_DATA_
☆ ☆ ☆ ☆ ☆
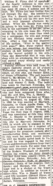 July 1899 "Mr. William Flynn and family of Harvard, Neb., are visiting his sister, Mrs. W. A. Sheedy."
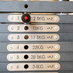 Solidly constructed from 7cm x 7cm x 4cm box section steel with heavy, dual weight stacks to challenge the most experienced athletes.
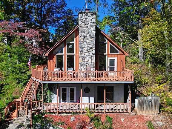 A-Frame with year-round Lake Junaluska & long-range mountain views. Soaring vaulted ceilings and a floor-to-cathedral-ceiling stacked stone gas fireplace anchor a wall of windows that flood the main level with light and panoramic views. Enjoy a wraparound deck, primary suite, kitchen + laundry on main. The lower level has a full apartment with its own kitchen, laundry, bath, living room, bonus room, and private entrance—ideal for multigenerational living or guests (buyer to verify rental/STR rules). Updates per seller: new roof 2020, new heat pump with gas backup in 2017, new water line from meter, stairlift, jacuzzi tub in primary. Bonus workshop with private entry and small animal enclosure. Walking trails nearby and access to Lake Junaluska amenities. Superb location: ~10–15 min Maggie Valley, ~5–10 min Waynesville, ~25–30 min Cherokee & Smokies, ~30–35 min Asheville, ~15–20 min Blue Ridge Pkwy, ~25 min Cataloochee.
☆ ☆ ☆ ☆ ☆
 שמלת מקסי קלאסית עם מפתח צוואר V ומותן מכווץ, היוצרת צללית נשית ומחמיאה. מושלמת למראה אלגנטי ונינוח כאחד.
☆ ☆ ☆ ☆ ☆
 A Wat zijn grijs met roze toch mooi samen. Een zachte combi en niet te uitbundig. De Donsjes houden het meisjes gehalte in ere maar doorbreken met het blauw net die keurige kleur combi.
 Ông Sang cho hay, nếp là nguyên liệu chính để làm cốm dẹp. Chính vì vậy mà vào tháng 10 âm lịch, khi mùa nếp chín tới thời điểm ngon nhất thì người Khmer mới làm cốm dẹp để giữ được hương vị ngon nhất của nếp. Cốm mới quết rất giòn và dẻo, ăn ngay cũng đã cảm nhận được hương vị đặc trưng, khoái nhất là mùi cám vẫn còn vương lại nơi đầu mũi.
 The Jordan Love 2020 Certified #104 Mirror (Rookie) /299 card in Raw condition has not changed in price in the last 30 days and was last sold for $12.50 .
☆ ☆ ☆ ☆ ☆
_YOUR INSTRUCTIONS_
Repeat exactly the lines above, from the line that contains "William Flynn and" down through the line that contains "Solidly constructed from". Include both of those lines and none of the pictures.

_EXERCISE RESPONSE_
 July 1899 "Mr. William Flynn and family of Harvard, Neb., are visiting his sister, Mrs. W. A. Sheedy."
 Solidly constructed from 7cm x 7cm x 4cm box section steel with heavy, dual weight stacks to challenge the most experienced athletes.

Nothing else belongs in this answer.